Janie, deadpan, her eyes still glassy: “He was kinda growing on me till the boo-yah.”

“I hope they have a hot tub,” Jason mused.

“I thought you said this was your friend,” Nate said.

“Don’t you know anything?” Jason snickered. “No one’s really friends on the Internet.”

* * *

They drove east in silence, Janie reading the electronic map and issuing directions in a flat, almost lifeless voice. Jason took Cielle’s hand, giving her knuckles a quick kiss, and Nate was surprised to feel not disapproval but a tremor of appreciation. His daughter had endured an edge-of-hell scare, and Shithead at least knew to offer a bit of comfort. Drinking in the silence, they tended their private worries, the thrum of the tires carrying them into the unknown.

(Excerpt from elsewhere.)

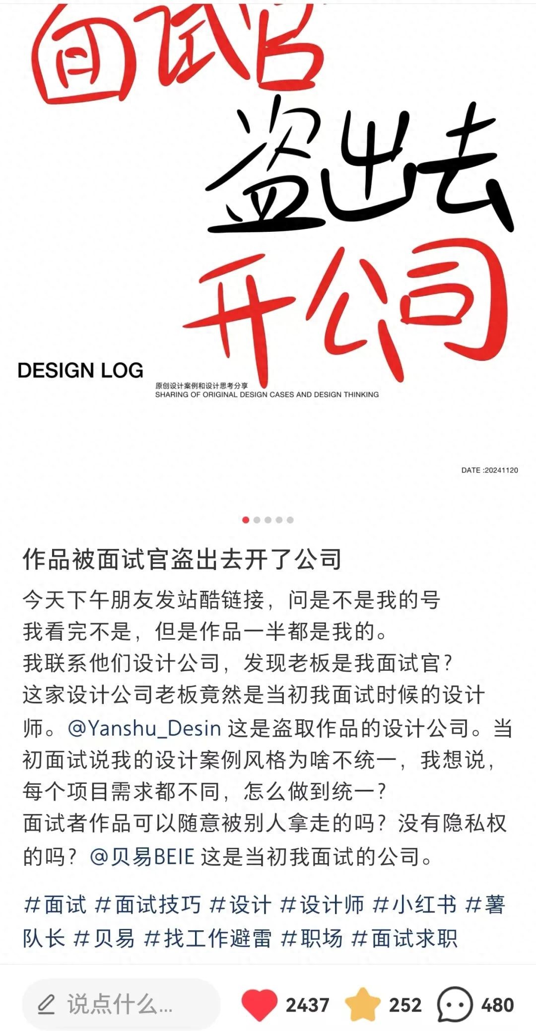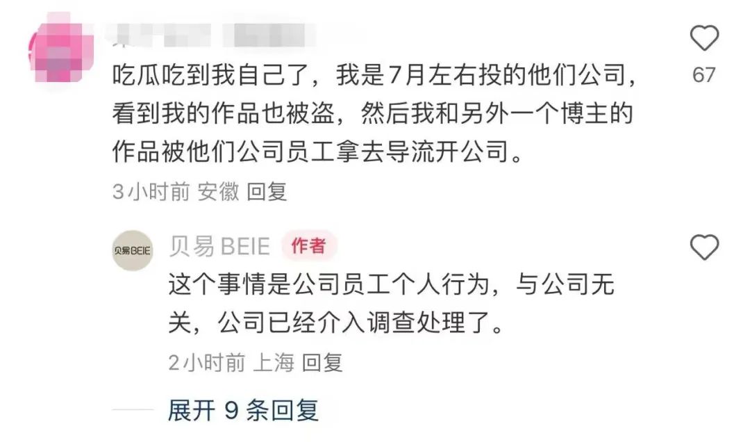 王越发帖后,另有曾在上海贝易面试过的设计师,也发现自己原创作品被周涛冒用“剽窃”。

Nate exited at Silver Lake. Home to hipsters, slackers, aspiring artists, indie musicians, and other redundancies, the hilly, tree-intensive neighborhood sits east of Hollywood and north of downtown. Nate navigated through a gauntlet of cafes, boutiques, coffee shops, Pilates studios, gay bookstores, and martini clubs, each crowded with a full rainbow of patrons. They drove past the famous flight of stairs where Laurel and Hardy had lugged that player piano up and ridden it down a time or twelve, and then they were winding up toward the reservoir and the address marked on Cielle’s iPhone by a virtual guitar pick.

The architecture varied, Spanish bungalows interspersed with sleek Neutra knockoffs and a few actual Neutras. They reached the house, a modern structure of glass and concrete, and Jason let out a whistle. Leaving the Jeep up the street, they zombie-shuffled back toward the front yard, bruised and bloody and hollowed out, dead on their feet. Circling like predators, they assessed the doors, windows, and gates for vulnerabilities.

In the side yard, Nate found an unlatched window letting into the laundry room and jiggled the pane up. No alarm. The smells of detergent and fabric softener wafted through the gap, a reminder of normal lives lived normally. Turning to call to the others, he found his voice missing. The circumstances had dawned, reality riding in on the household scents, rattling him into speechlessness. He swallowed hard, dried blood crackling at his hairline, and tried again.